* THE PROBLEM
Copy the data that appears below exactly. Drop the pictures.

* INPUT DATA
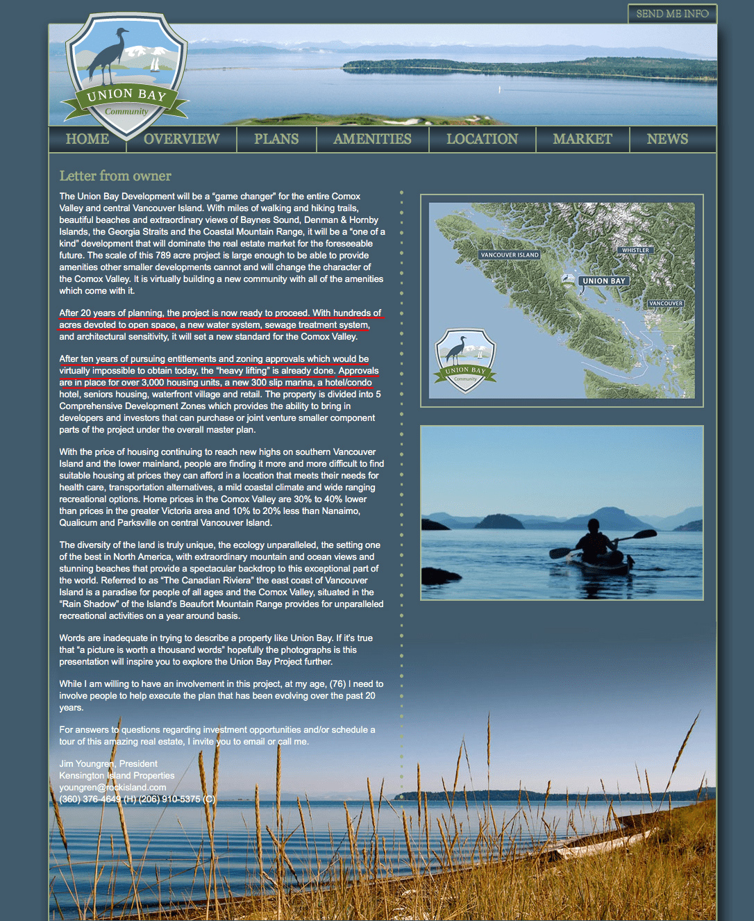 Cleared Argyle area and promised the landowners the mounds of debris from the clearing would not be burned and that they would be advised. KIP aka Union Bay Estates burned them with no notice or reason. Also reinvents KIP every few years – look at all the different name changes trying to hide the fact this is a sleazy developer who never produces. For a few years KIP actually named the development “The Union Bay Community”. Screenshot below.
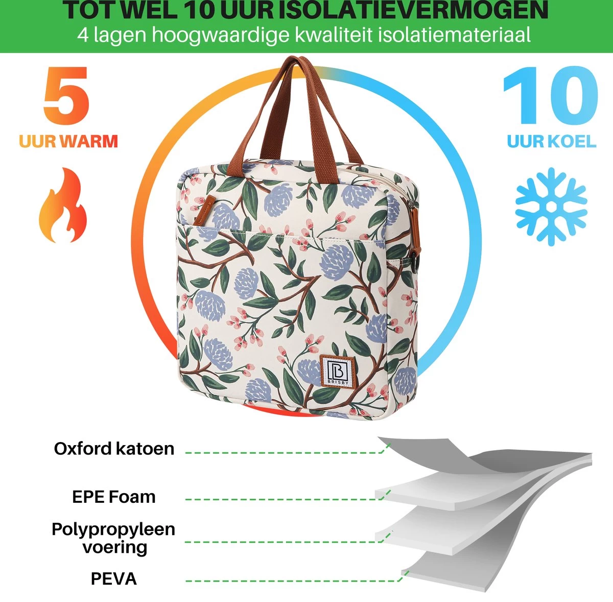 Brisby 4 Laags Geïsoleerde Koeltas – Lunchtas 7 liter – Witte Bloem – Lunchtas voor onderweg – Inclusief schouderband – 2 gratis koelelementen van 200 ML.
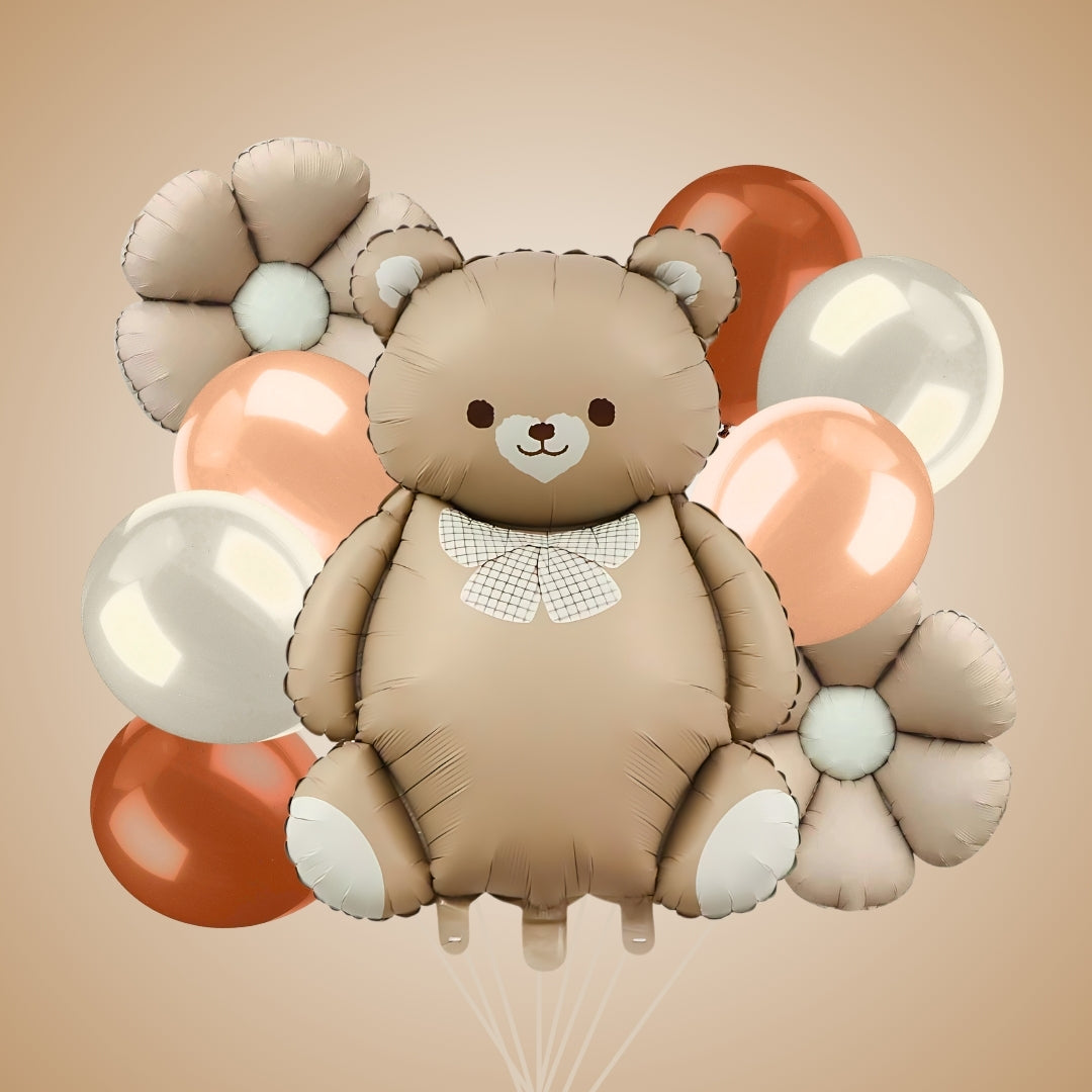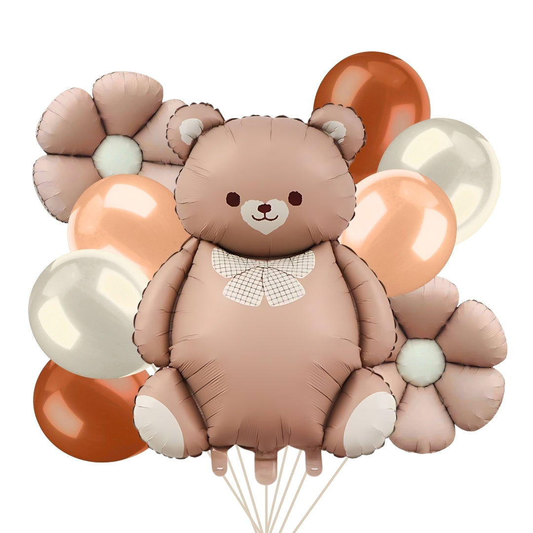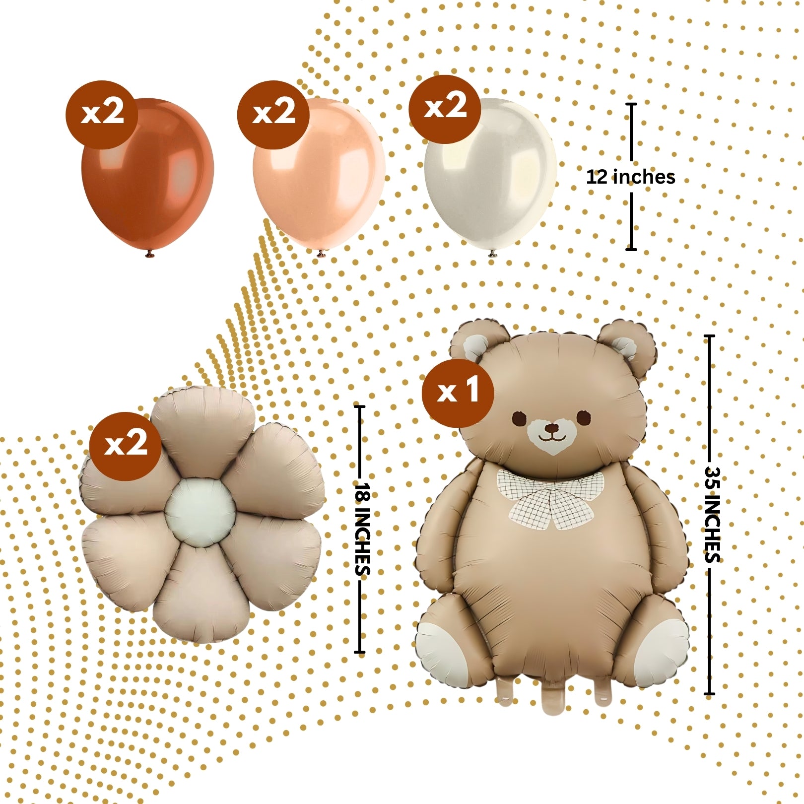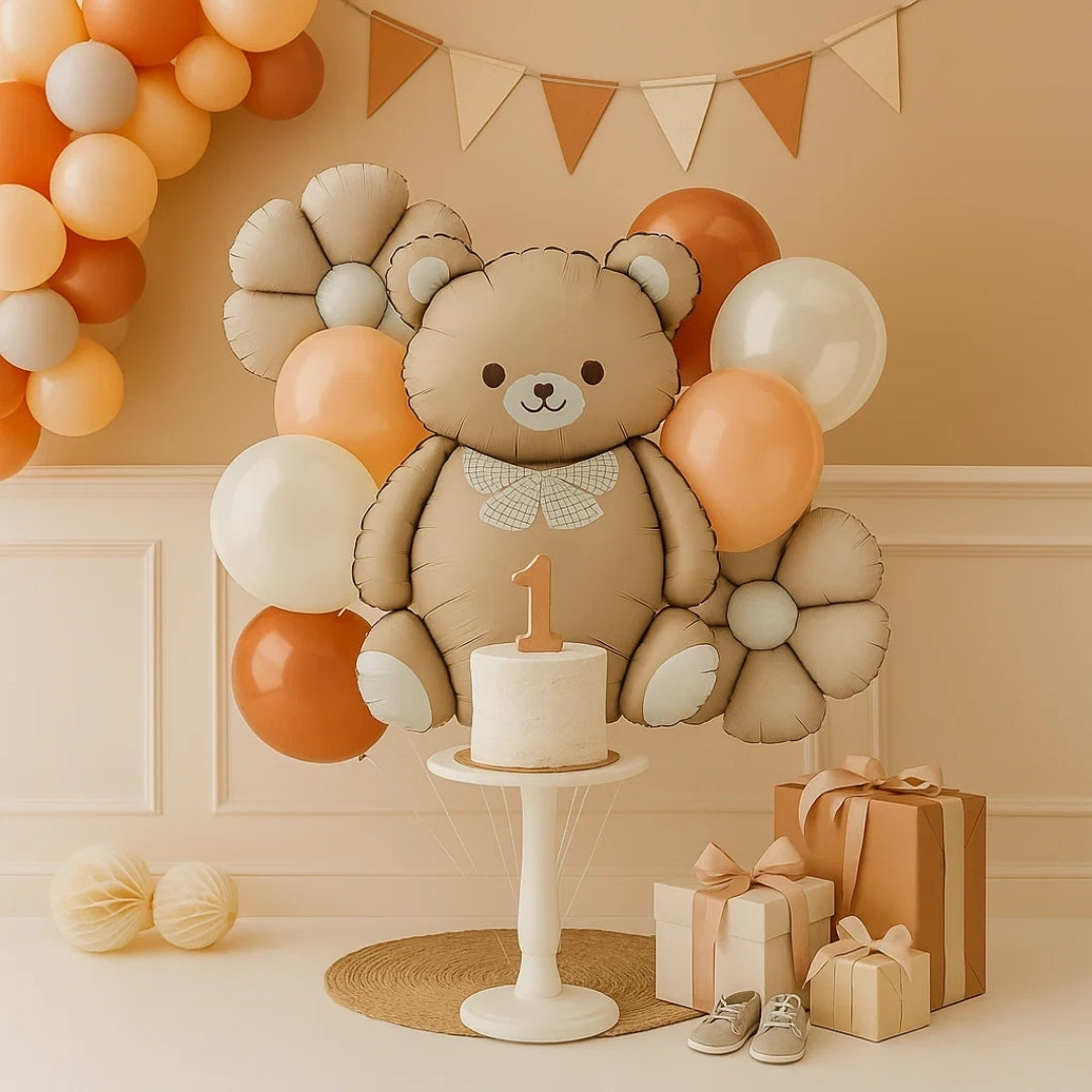 Charming Flower Foil Balloons: Includes two pastel-Matte brown flower shaped foil balloons that add a cute and elegant floral accent, perfectly complementing the teddy bear for a soft, themed look.

* EXERCISE OUTPUT
 Cleared Argyle area and promised the landowners the mounds of debris from the clearing would not be burned and that they would be advised. KIP aka Union Bay Estates burned them with no notice or reason. Also reinvents KIP every few years – look at all the different name changes trying to hide the fact this is a sleazy developer who never produces. For a few years KIP actually named the development “The Union Bay Community”. Screenshot below.
 Brisby 4 Laags Geïsoleerde Koeltas – Lunchtas 7 liter – Witte Bloem – Lunchtas voor onderweg – Inclusief schouderband – 2 gratis koelelementen van 200 ML.
 Charming Flower Foil Balloons: Includes two pastel-Matte brown flower shaped foil balloons that add a cute and elegant floral accent, perfectly complementing the teddy bear for a soft, themed look.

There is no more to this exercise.